An immigrant’s experience in America is just as unique as anyone’s life is anywhere. And that is the main takeaway I drew from watching this unique and sometimes bewildering film by writer/director Nikyatu Jusu. Jusu’s Nanny paints a portrait of a character struggling with her new life in America, working as a domestic, while clinging tightly with all that remains important to her. These priorities represent the entire reason why she is working in a subservient job. The goal is to provide a better life for her child; however, this often proves to be a nightmare of its own.
Anna Diop stars as Aisha, an undocumented Senegalese immigrant who has moved to the U.S. in search of a more ideal for her and her son Lamine (Jahleel Kamara), who has stayed behind in Senegal. Aisha manages to gain employment as a nanny for Rose (Rose Decker), a young child with seemingly special needs while her parents Amy (Michelle Monaghan) and Adam (Morgan Spector) continue to pursue their respective and successful careers. What starts off as what seems to be a dream job eventually devolves into a nightmare, as Aisha tries to maintain gainful employment while dealing with the issues of her employers and the troubles which continue back home.
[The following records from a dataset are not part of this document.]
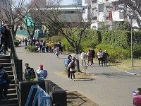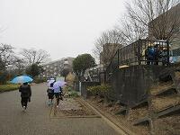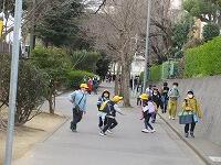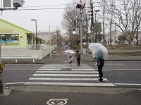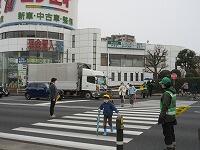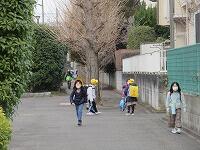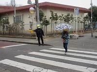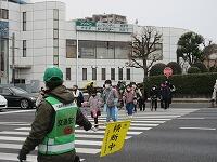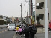 歩道が狭い所は、横に広がらずに気をつけて歩きます。交通推進隊の方にもあいさつをしています。
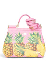 Dolce & Gabbana Logo Pineapple Leather Miss Sicily Bag Pink Yellow
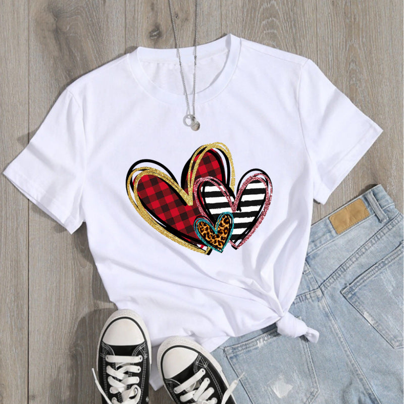 So soft and comfy, this crewneck short sleeve T-shirt features an adorable graphic print and a flattering scoop neckline. super chic for Valentine's Day.

While I do applaud the solid work by filmmaker Nikyyatu Jusu, who makes her directorial debut with Nanny, in telling this ultimately haunting story, I also found myself a little lost in understanding some of the more ambiguous imagery and scenarios presented in the movie. After giving this movie much thought, it does become apparent to me that I might not totally understand the influences which Jusu utilizes in telling her story. Jusu seems to draw from multiple influences of lore in African culture, and while some things are explained, there are other references I did not totally get. And while I understand that it is not always the responsibility of the artist to explain everything she is expressing, I would have liked some further education by the filmmaker to have a better interpretation of the overall experience.
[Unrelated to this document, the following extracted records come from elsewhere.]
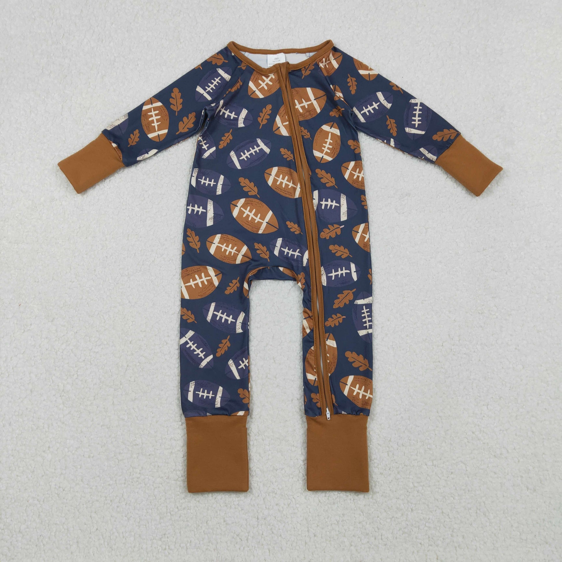 RTS NO MOQ(In Stock) LR2543 Rugby leaf brown and blue zippered long-sleeved bodysuit
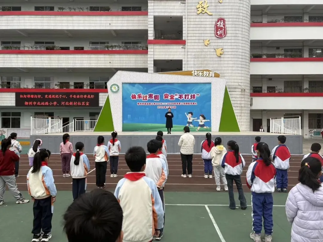 伴随着冬日微风,柳州市北站路小学于2026年1月30日上午8:30在学校操场隆重举行了“快乐过寒假,安全‘不打烊’”主题散学典礼,为一学期的校园生活画上圆满句号。
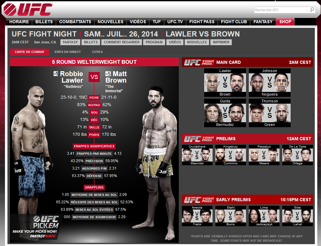 Le retour du challenger numéro 1 des poids welters Robbie Lawler se fera dans la ville de San José face au très dangereux Matt Brown pour un UFC Fight Night sous le signe de la puissance ! Lawler est un athlète hors du commun doté d’un punch surhumain pour un homme de son poids et a prouvé encore dernièrement face à Ellenberger qu’il fallait avoir une énorme résistance pour l’affronter… Pour relever le défi, Matt « The Immortal » Brown et sa capacité à absorber les coups est le client parfait pour causer quelques soucis à la machine Lawler et livrer un vrai combat épique !

That said, I did gain a greater appreciation and felt much more empathy for the experience of immigrants struggling to work and deal with the first-world issues that are obviously ridiculous to the immigrants on which we deflect these problems. I feel that is the greatest strength of the movie. It turns what should be the “American Dream” of a life into an utter nightmare. Initially, I found it odd that such a story was produced by Blumhouse Studios, but, in the end, can totally get how this is a horror story.
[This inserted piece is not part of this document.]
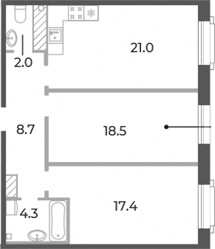 - Площадь кухни21 м2

Nanny is definitely bolstered by not just the solid writing and direction, but also the great performances by the cast. The real star of the movie is appropriately Anna Diop, who gives a fantastic performance as Aisha. While watching this movie, I did not seen an actor, I witnessed the seemingly real and troubling problems of Aisha, the immigrant who is desperate for a better life for her and her son. As her employers, both Michelle Monaghan and Morgan Spector perform well as the entitled, and frustratingly unreliable people that often rely on their domestic help to solve all of their problems. I must also acknowledge Sinqua Walls who stars as Malik, a charming and caring love interest for Aisha, who is simpathetic to Aisha and helps make her new home more livable.
Even though I have my confusions and questions about Nanny, I still acknowledge that it is a valiant effort on the part of Nikyatu Jusu in telling such a necessary story. Americans born in the United States take so much for granted and need to be aware of the complications and stress that comes from being a stranger in a very strange land. There is no such thing as a perfect life, even in America, and this movie reminds its audiences that the US has its problems and problematic people of its own.